The Bayesian phylogenetic tree, constructed from an Additional set of 60 complete SARS-CoV-2 genomes (Supplement Table 1) alongside global sequences collected between December 2023 and December 2024 (Fig. 4), indicates that the most recent common ancestor of this dataset is estimated to have emerged in August 2022. Overall, the Thai and global SARS-CoV-2 samples did Not exhibit distinct phylogenetic clustering, suggesting similar patterns of viral circulation and shared lineages during the study period. However, after September 2024, a divergence was observed, with Thai samples not clustering within the sublineage clusters KP3.1.1, KP3.2, and KP3.3.1. The absence of these newly emerging KP3 sublineages in Thailand during the study period May reflect differences in transmission dynamics, introduction events, or the temporal scope of sampling. The molecular evolutionary rate for the dataset was estimated at 0.63 × 10–3 nucleotide substitutions per site per year (sub/site/year), with a 95% highest posterior density interval (HPDI) ranging from 0.57 × 10–3 to 0.70 × 10–3 sub/site/year.

Fig. 4
Fig. 4
Full size image

Maximum Clade Credibility (MCC) tree of SARS-CoV-2 variant populations circulating in Thailand (n = 176) and globally (n = 247), inferred using molecular clock analysis of samples collected between December 2023 and December 2024. The scale bar indicates nucleotide substitutions per site.

Table 2 details the sequence change rates and the time to the most recent common ancestors (TMRCA) as determined by Markov chain Monte Carlo (MCMC) methods.
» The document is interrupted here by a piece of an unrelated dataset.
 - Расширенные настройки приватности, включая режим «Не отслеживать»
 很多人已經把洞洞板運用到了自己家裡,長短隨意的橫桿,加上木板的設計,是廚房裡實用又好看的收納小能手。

Among all variants, XDV showed the highest substitution rate (0.89 × 10–3) and the greatest nucleotide divergence (4.56 × 10–4), with a tMRCA estimated around late November 2023. In contrast, JN.1 had the lowest substitution rate (0.45 × 10–3) and an earlier tMRCA in early March 2023. Variants KP.1 to KP.3 and LB.1 shared comparable nucleotide divergence values (3.66 × 10–4 and 4.09 × 10–4, respectively), with substitution rates of 0.56 × 10–3 and 0.75 × 10–3. However, KP.1–3 emerged later, with a tMRCA in mid-November 2023, while LB.1 diverged slightly after, in early January 2024. XEC and XDY both emerged more recently, with tMRCAs in May 2024. While their substitution rates were similar (0.55 and 0.56 × 10–3), XDY showed notably lower nucleotide divergence (1.72 × 10–4) compared to XEC (3.33 × 10–4), possibly reflecting differences in evolutionary dynamics or sampling time frames.
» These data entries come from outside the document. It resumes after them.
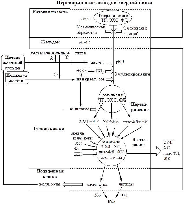 Водонерастворимые продукты гидролиза (жирные кислоты с длинной цепью, 2-МГ, холестерол, лизолецитины, фосфолипиды) вместе с компонентами желчи (солями жёлчных кислот, ХС, ФЛ) образуют в просвете кишечника структуры, называемые смешанными мицеллами. Смешанные мицеллы построены таким образом, что гидрофобные части молекул обращены внутрь мицеллы (жирные кислоты, 2-МГ, 1-МГ), а гидрофильные (желчные кислоты, фосфолипиды, ХС) — наружу, поэтому мицеллы хорошо растворяются в водной фазе содержимого тонкой кишки. Стабильность мицелл обеспечивается в основном солями жёлчных кислот, а также моноглицеридами и лизофосфолипидами.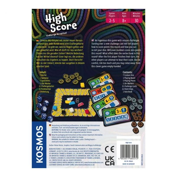 Inhalt: 1 Spielplan, 5 Spielsteine, 5 30er-Marker, 7 Würfel, 21 Challengekarten, 21 Punktechips (Gold, Silber, Bronze), 1 Spielregel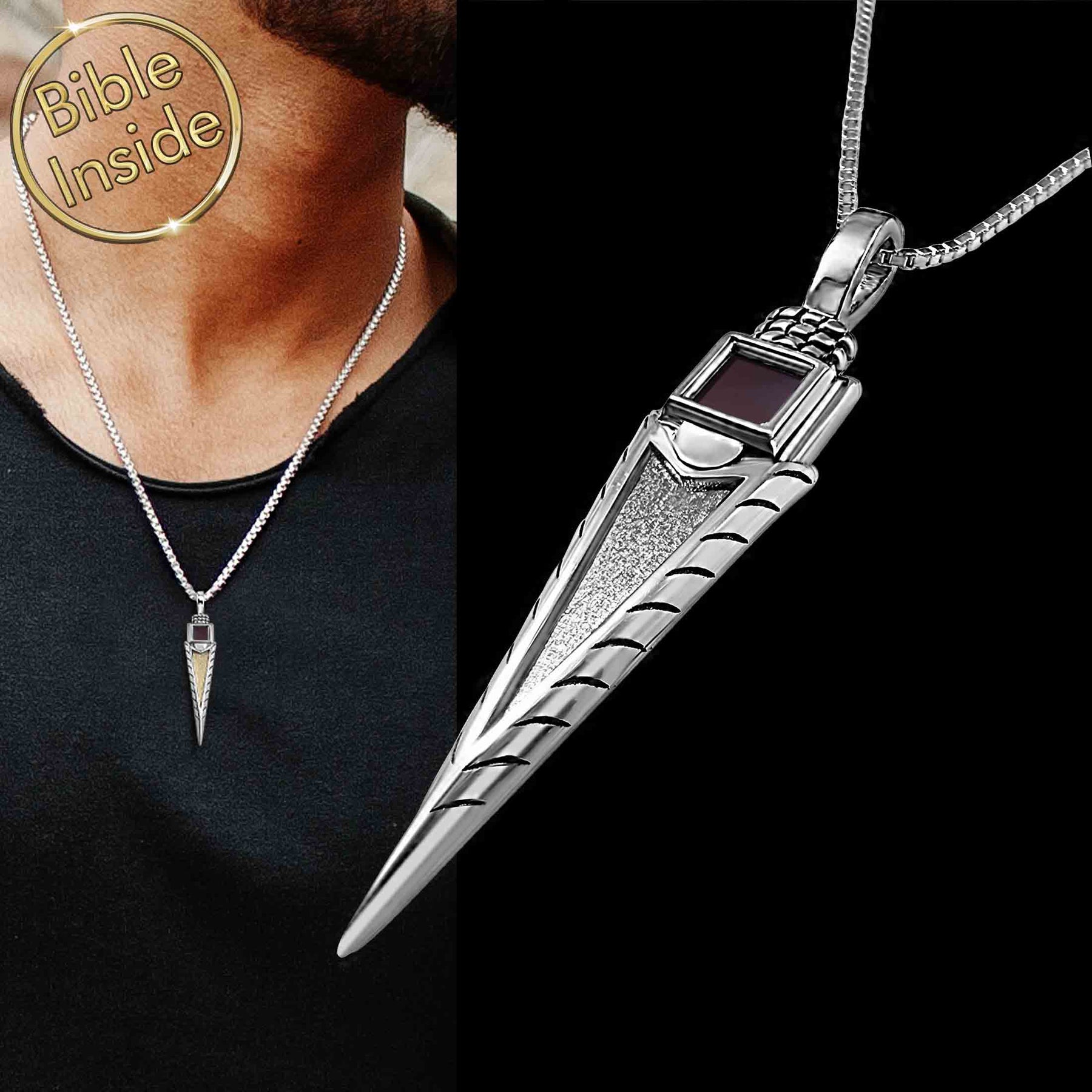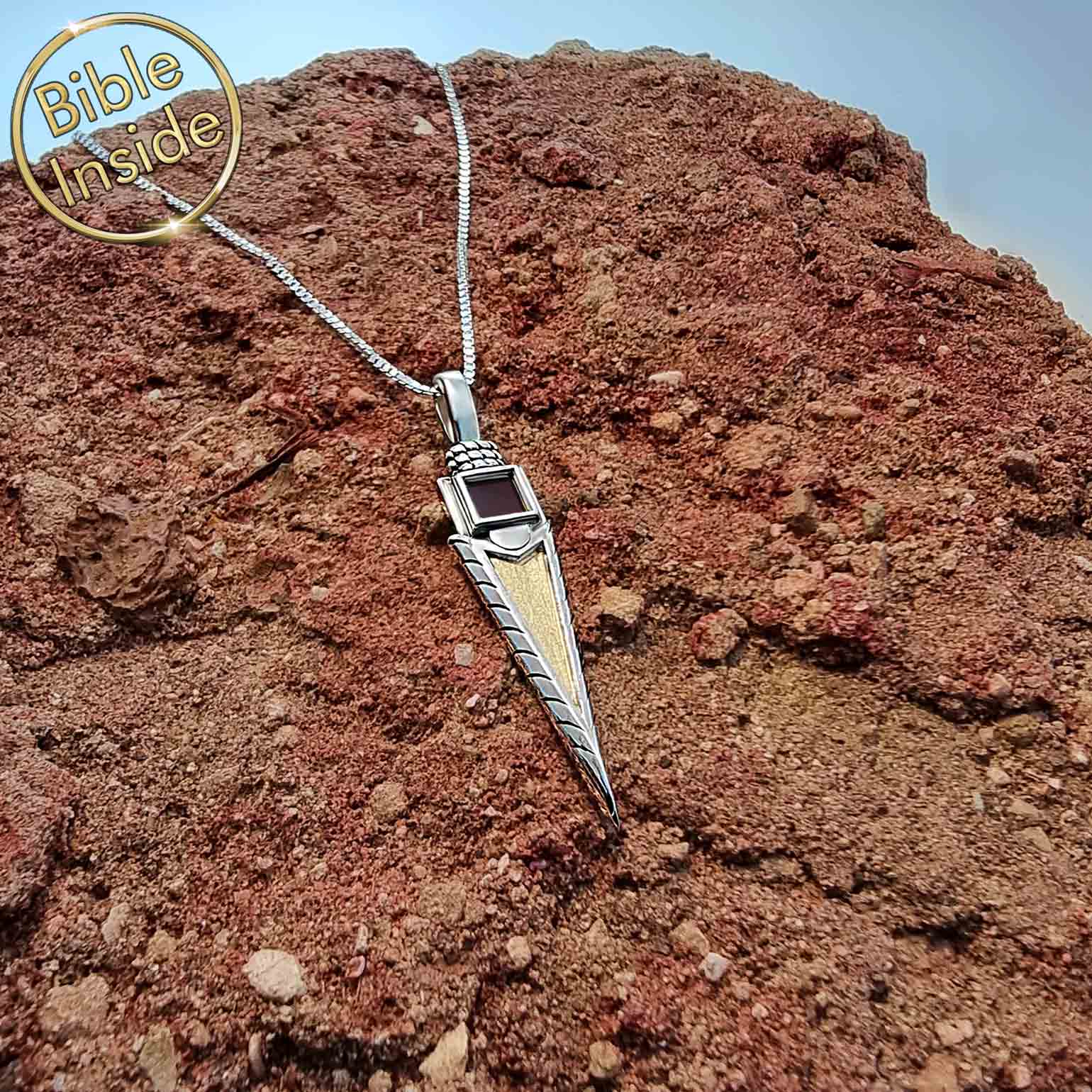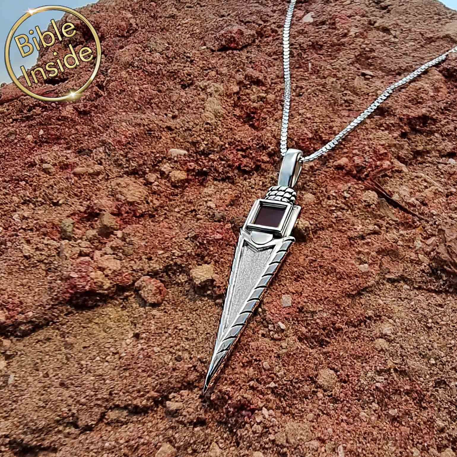 תליון החץ משמש תזכורת נוקבת לקשר הבלתי ניתן לניתוק בין המסע שלכם לבין החוכמה החבויה בתנ"ך. השרשרת טומנת בחובה סוד, המילים העמוקות של התנ"ך חרוטות על ריבוע זעיר שכל גודלו 0.5 ס"מ. ניתן לראות אותו רק דרך מיקרוסקופ מיוחד, והוא מגלם את הטבע הדיסקרטי אך רב ההשפעה של הרוחניות שלכם.

Table 2 Sequence change rates and time to the most recent common ancestors (TMRCA) using Markov chain Monte Carlo (MCMC) methods.

Discussion

The COVID-19 Outbreak, first identified in late 2019, arrived in Thailand in early 2020, leading to a series of ongoing transmission events that prompted national concern28. Following nearly three years of extensive outbreaks and significant public health challenges, the Thai Ministry of Public Health reclassified COVID-19 from a ‘dangerous infectious disease’ to a ‘disease under surveillance’ and announced a revised reporting protocol in October 2022 that focuses exclusively on case counts among hospitalized patients29. By 2023, the severity of COVID-19 had significantly diminished, evidenced by a marked reduction in fatalities27. In 2024, the reported death toll decreased to just 220 cases, representing a stark contrast to the high mortality rates observed in the first three years of the pandemic, which included 21,614 deaths in 2021, 11,971 in 2022, and 848 in 202327. This reduction in severity can be attributed to several factors, including increased vaccination coverage, the emergence of less virulent variants, and improved treatment modalities. As a result, COVID-19 is now recognized as a seasonal respiratory illness, similar to other common respiratory infections.
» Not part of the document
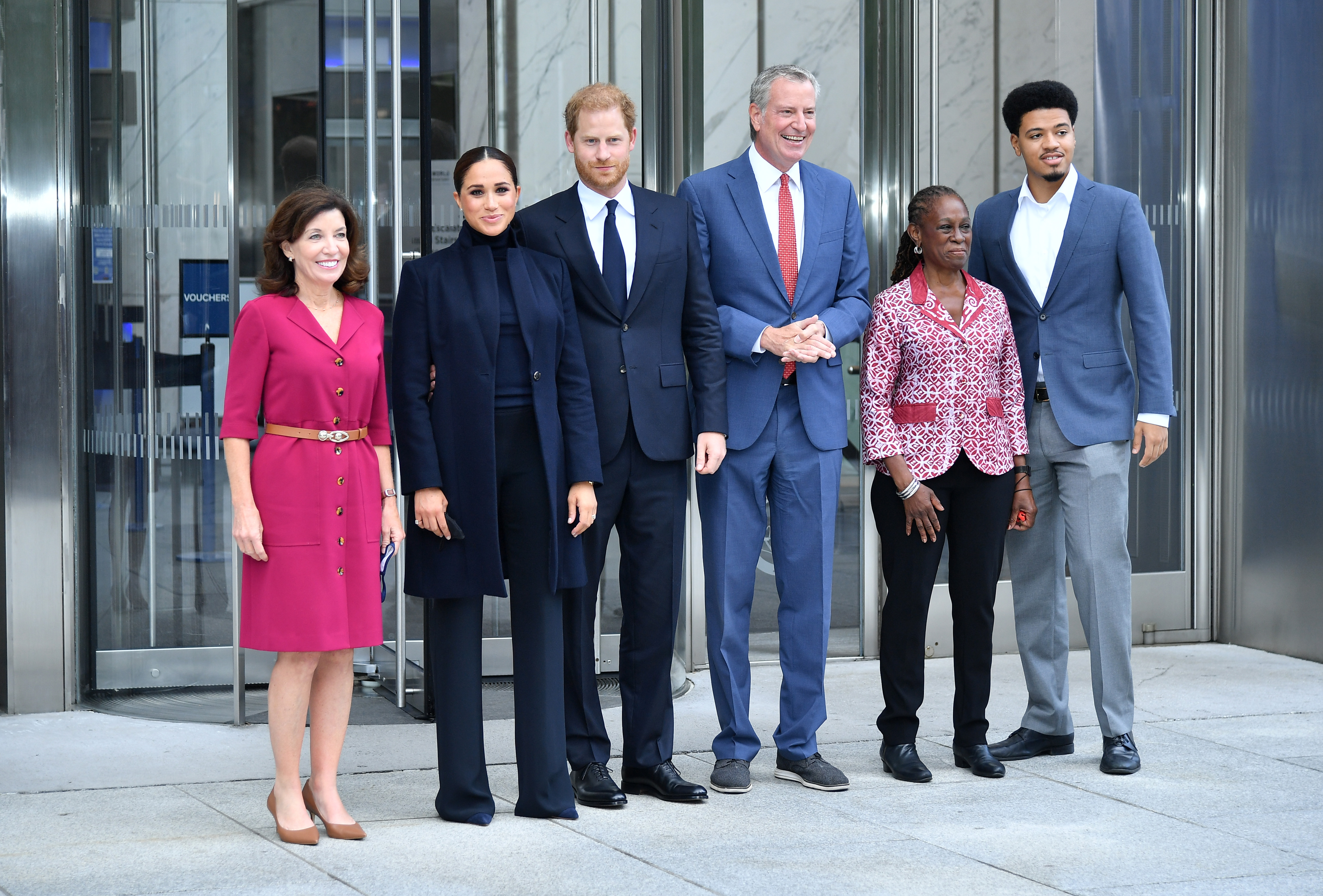New York Eyaleti Valisi Kathy Hochul, Meghan Markle, Prens Harry, New York Belediye Başkanı Bill De Blasio, Chirlane McCray ve Dante de Blasio (Getty Images)

This study investigated the seasonal trends and genetic diversity of SARS-CoV-2 among patients with acute respiratory illness in Thailand during the fifth year of the COVID-19 pandemic, providing a comprehensive analysis of acute respiratory infection cases throughout 2024, which includes both inpatient and outpatient data across all seasons. The results demonstrate that COVID-19 transmission follows a distinct seasonal pattern, marked by a significant increase in cases from late summer to the early rainy season, particularly between April and June.

In the early years of COVID-19’s seasonal transition, its incidence peaked earlier than other respiratory infections, such as influenza and respiratory syncytial virus30,31. Although Thailand’s official rainy season begins in mid-May, the interplay of school reopenings and the Songkran festival in mid-April, characterized by extensive travel and gatherings, contributes significantly to an early rise in infection rates.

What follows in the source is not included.